The Connection elements describe the inhibitory and excitatory connections between the two populations (nodes) E and I. As discussed earlier, each population simulated using the numerical PDT is influenced by one or more Poisson noise processes which change the probability mass function to approximate each neuron in the population receiving Poisson distributed spike trains. In MIIND, populations interact via their average output firing rate which becomes the rate parameter of the input Poisson process for the target population. Four such connections are set up here. The num_connections attribute indicates how many incoming connections each neuron in the target (Out) population receives from the source (In) population. This has the effect of multiplying the incoming firing rate parameter. The efficacy attribute gives the instantaneous jump value caused by a single incoming spike. The dimension attribute has been newly added and gives the direction in which the jump occurs. In this example, spikes from the excitatory population cause a change of 1 nS/cm² change in dimension 1 which corresponds to the w variable. Finally, the delay attribute gives the transmission delay of the instantaneous firing rate between populations which allows MIIND to simulate the complex dynamics which can arise when this is a non-zero value.
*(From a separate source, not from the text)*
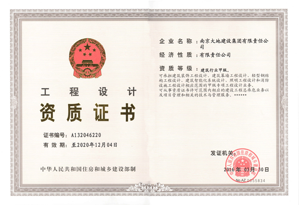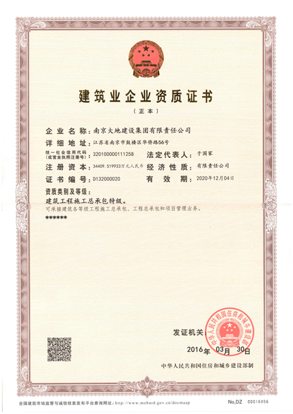 2016年4月15日上午,南京市城鄉(xiāng)建設(shè)委員會給我公司送來了“賀信”,祝賀大地建設(shè)成功晉升國家建筑工程施工總承包特級資質(zhì),成為南京市首家同時擁有建筑行業(yè)甲級設(shè)計資質(zhì)的特級企業(yè)。賀信中說:“南京大地建設(shè)集團(tuán)有限責(zé)任公司申報特級資質(zhì)取得成功,為承上啟下我市建筑業(yè)發(fā)展‘十二五’和‘十三五’規(guī)劃起到完美收官和良好開局的作用,為全市建筑施工企業(yè)晉升特級資質(zhì)樹立了傍樣!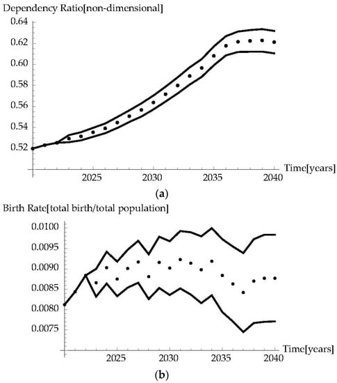 - Simon, C.; Belyakov, A.O.; Feichtinger, G. Minimizing the dependency ratio in a population with below-replacement fertility through immigration. Theor. Popul. Biol. 2012, 82, 158–169. [Google Scholar] [CrossRef] [PubMed]

All other aspects of the file remain unchanged though the Display element which tells MIIND to render the probability mass function of population E during the simulation now causes a three-dimensional rendering of the function in state space. For higher dimensions, which three dimensions to display can be chosen during simulation.

The main change to MIIND to support ND neuron models is the addition of the generateNdGrid method in the MIIND Python module. Listing 3 shows a function set up in Python, cond, which describes the time evolution of a LIF neuron with excitatory and inhibitory conductances. The generateNdGrid method generates the cond3d.model and cond3d.tmat support files which are referenced in the simulation file above (listing 2). The method takes as parameters:

1. The Python function defining the model dynamics.

2. The name of the generated files.

3. The minimum values in state space.

4. The span of the grid in state space.

5. The resolution of the grid.

6. The threshold potential.

7. The reset potential.

8. Any additional change in state of a neuron after being reset to the reset potential (in this case, there is none).

9. The timescale of the neuron model in seconds.

10. The time step with which to solve the neuron model in seconds.

Listing 3 An example Python script to generate the support files for a three-dimensional LIF neuron population in MIIND.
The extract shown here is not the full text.